To ensure each tee stays the same dimension every time you wear it, we double-wash the the fabric to preshrink it before we even start cutting out the patterns. It's a more time consuming and expensive process, but a detail that makes a big difference. We even add an ezyme to soften the organic cotton to ensure it is more luxurious and comfortable from the very first time you try it on.

But creating the perfect tee is only a small part of the battle - and arguably the easiest. 

A much tougher problem was the buying experience itself: our focus groups were loud and clear in expressing how much they hated it. For many, shopping is a disappointment filled process filled the compromises - trying on multiple garments to find a good fit, then having to deal with issues such as stock or style availability. 

Buying online partially solves the availability issue, but introduces new problems of being able to touch the fabric and test for fit, then dealing with troublesome returns when they aren’t what you expected.

So our second decision was to also rethink the entire customer experience for trying and buying tees. The result is our extremely simple “no measure, no returns” process: you try on our guide tees, tell us the adjustments needed to make it perfect, then we make it for you. All in less than 5 minutes, with nothing to return - ever.

A third consideration we kept top of mind was to be socially, environmentally and ethically conscious. The fashion industry has had a bad reputation with sweatshop labour, ecologically damaging and wasteful practices.

By rethinking the entire production system by making each garment only on-demand Sydney with locally sourced, eco-friendly fabrics and processes, we can minimise the negative impacts.

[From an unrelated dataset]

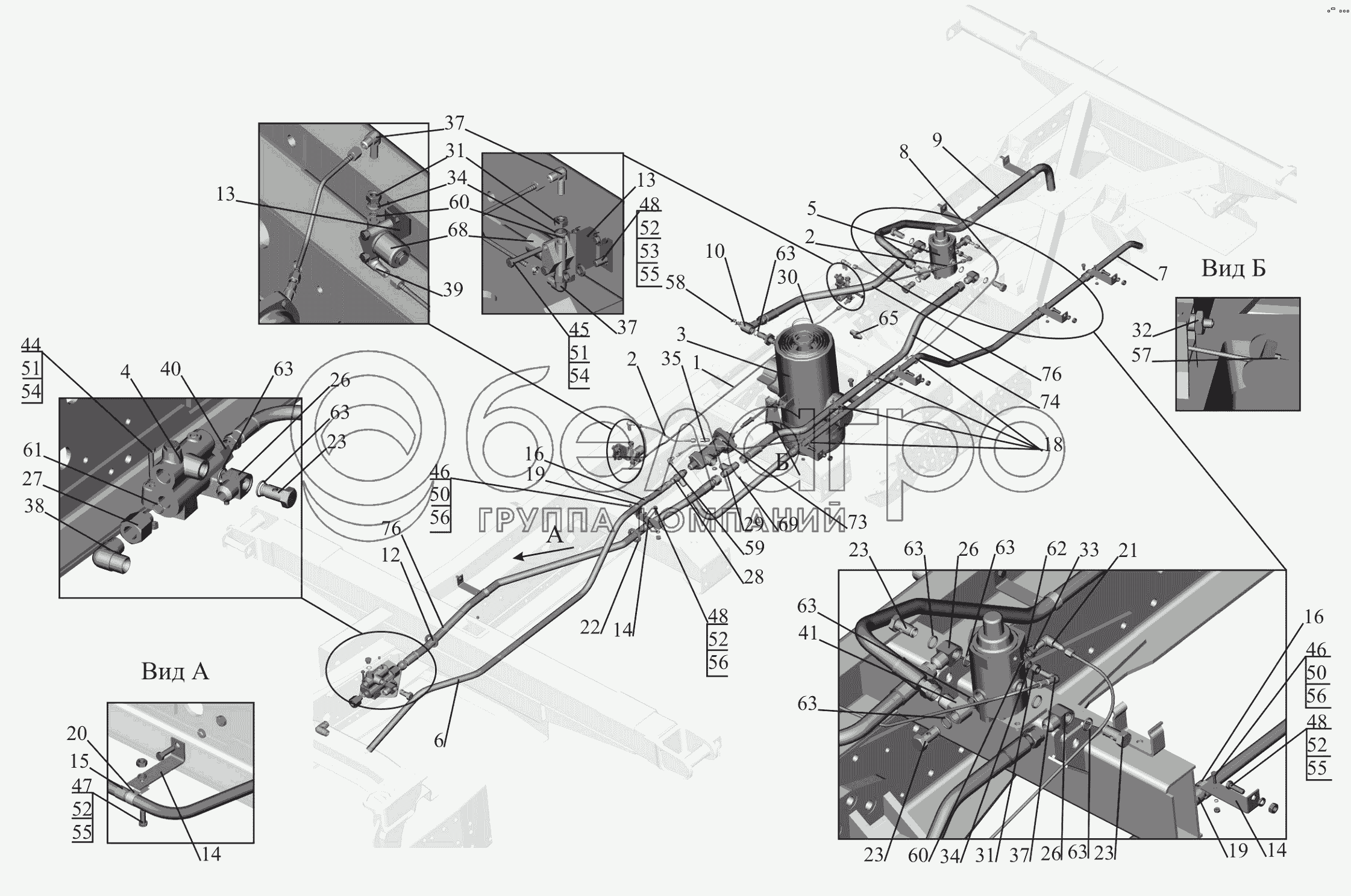 Каталог запасных частей к технике: МАЗ-650119. Установка цилиндра и клапанов 650119-8603500

Our focus on quality means our clothing is better fitting and more durable, further reducing wastage.

So the end result of all this may be a simple tee shirt, but one we believe is perfect because it is free of any compromises.

We want it to be the best tee shirts you’ve ever worn, because it is custom made to perfectly suit the only preferences that matter: yours.

We want to create the best shopping experience by removing all the frustrations associated with fit, stock and materials.

And we want you to feel great wearing them, not just because of how great it fits and how it looks, but also because you’re supporting ethical and eco-friendly practices.

For us, perfect is not just the end goal, but simply a starting point to build on.